Safety nets or social safety nets: Target the poor or vulnerable and consist of non-contributory transfers, such as in-kind food, cash or vouchers; they can be provided conditionally or unconditionally. They are a sub-set of broader social protection systems. The term was introduced to refer to a temporary measure to catch those who were transiently made vulnerable through structural adjustment and liberalisation (e.g. transfers to households or subsidy programmes). The term ‘(social) safety net’ is now widely used, sometimes with different meanings. There is no commonly agreed definition of this terminology, and actors may use it to refer to protective social transfer projects ensuring a minimum level of income (as per the original definition), or (humanitarian) cash transfer projects, or social transfer schemes developed within a broader social protection system (guaranteeing a long-term institutionalised social protection).

Social transfers: Non-contributory, publicly funded, direct, regular and predictable resource transfers (in cash or in kind) to poor and vulnerable individuals or households, aimed at reducing their deficits in consumption, protecting them from shocks (including economic and climatic shocks), and, in some cases, strengthening their productive capacity.

Unconditional transfers: Provided to beneficiaries without the recipient having to do anything in return to receive the assistance.

Value for Money: Optimal use of resources to achieve the best outcomes for people affected by crisis and disaster.

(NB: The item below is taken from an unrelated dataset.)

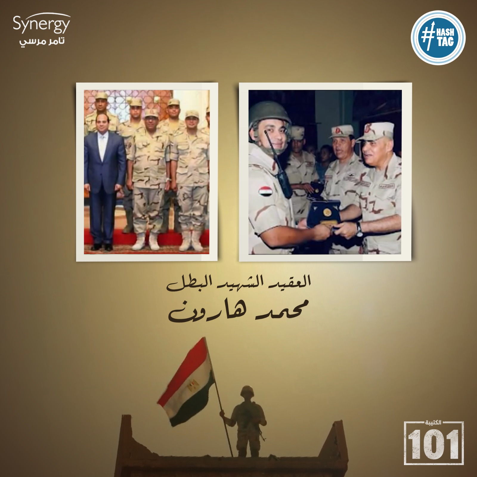 وكانت الحلقة 17 من مسلسل الكتيبة 101، شهدت نجاح رجال القوات المسلحة في التصدي للهجوم الخسيس من العناصر التكفيرية على مدينة الشيخ زويد وعدد من الأكمنة فى محاولة إنشاء ما يمسى إمارة الشيخ زويد.

Value vouchers: Have a denominated cash value and can be exchanged with participating vendors for goods or services of an equivalent monetary cost. Value vouchers tend to provide relatively greater flexibility and choice than commodity vouchers, but are still necessarily restricted as they can only be exchanged with designated vendors.

Vouchers: Paper, token or e-vouchers that can be exchanged for a set quantity or value of goods, denominated either as a cash value (e.g. USD 15) or predetermined commodities or services (e.g. 5 kilos of maize; milling of 5 kilos of maize), or a combination of value and commodities. They are redeemable with preselected vendors or in ‘fairs’ created by the agency. Vouchers are used to provide access to a range of goods or services, at recognised retail outlets or service centres. Vouchers are by default a restricted form of transfer, although there are wide variations in the degree of restriction/flexibility different voucher-based programmes may provide. The terms vouchers, stamps, or coupons are often used interchangeably.